-- THE TASK --
Without the pictures, set down every line of the data exactly.

-- DATA SEGMENT --

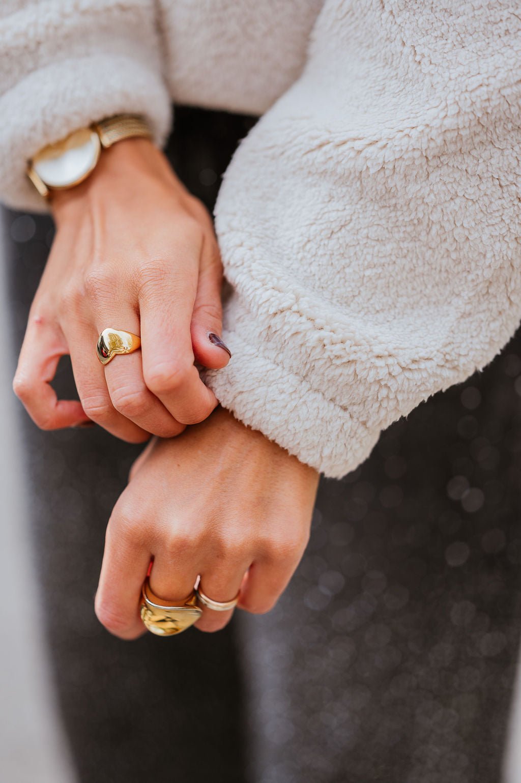 - Sophie lleva la talla M para un efecto más holgado, suele usar talla 36 y mide 1,69 m
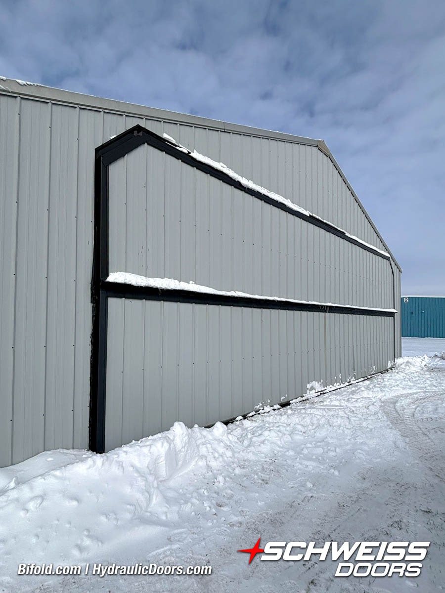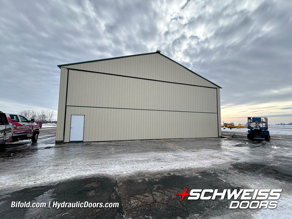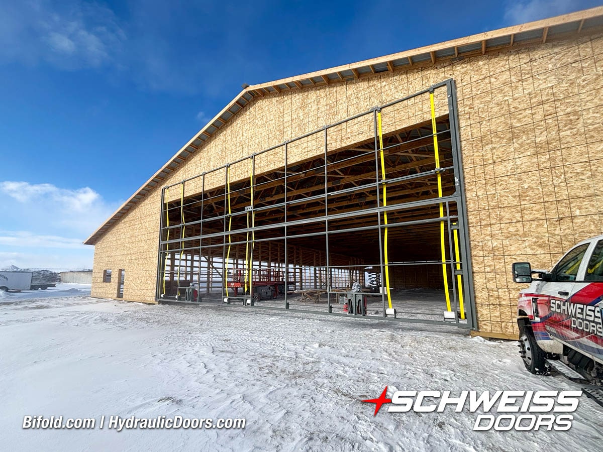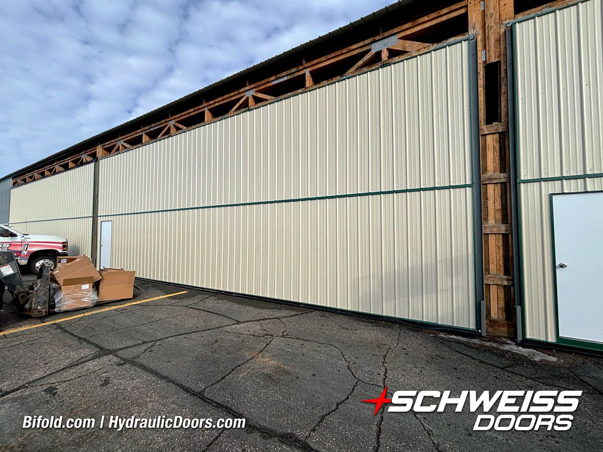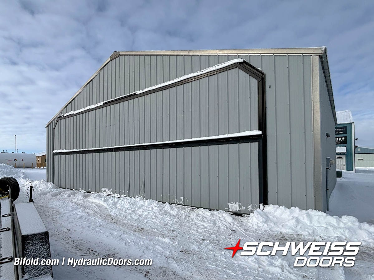Schweiss liftstrap bifold hangar home door installed on hangar home in Colorado viewed from outside
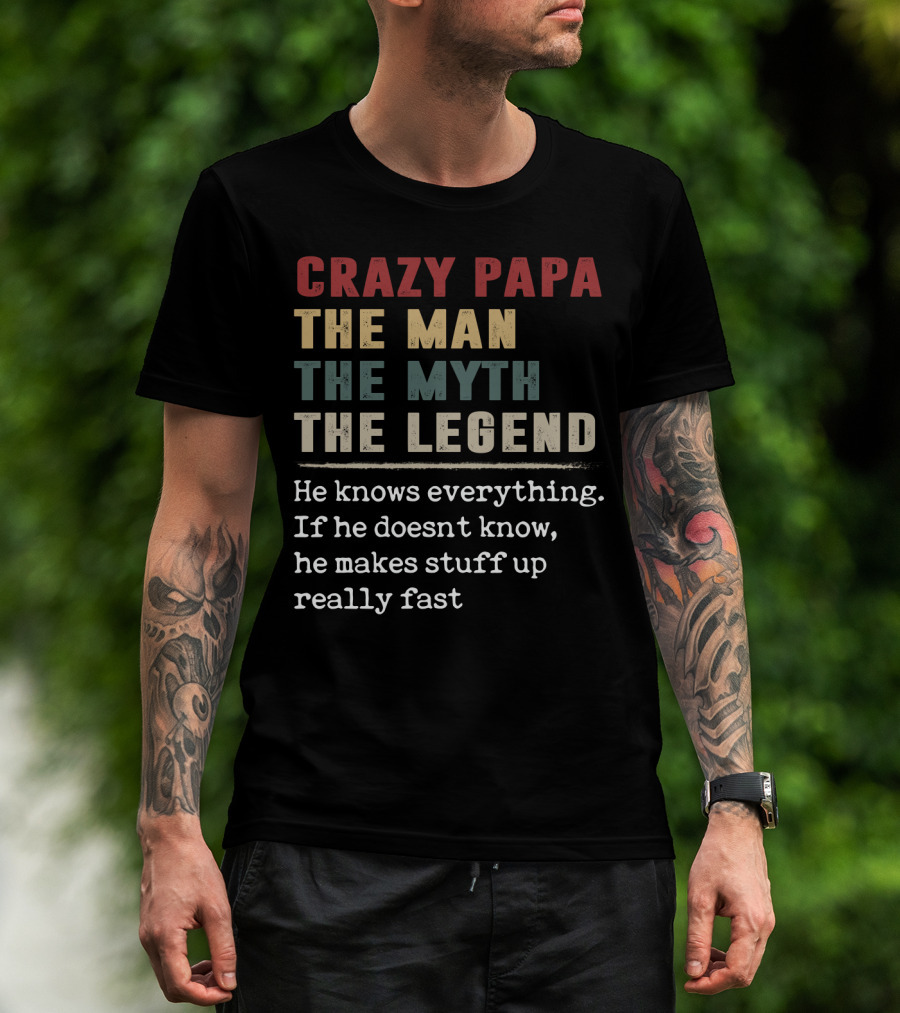 The CRAZY PAPA THE MAN THE MYTH THE LEGEND HE KNOWS EVERYTHING IF HE DOESN'T KNOW HE MAKES STUFF UP REALLY FAST T-shirt is designed for everyday wear and a consistent fit. Fabric is pre-shrunk ring-spun cotton with durable stitching. See the size chart below for exact measurements.

-- RESPONSE --
 - Sophie lleva la talla M para un efecto más holgado, suele usar talla 36 y mide 1,69 m
Schweiss liftstrap bifold hangar home door installed on hangar home in Colorado viewed from outside
 The CRAZY PAPA THE MAN THE MYTH THE LEGEND HE KNOWS EVERYTHING IF HE DOESN'T KNOW HE MAKES STUFF UP REALLY FAST T-shirt is designed for everyday wear and a consistent fit. Fabric is pre-shrunk ring-spun cotton with durable stitching. See the size chart below for exact measurements.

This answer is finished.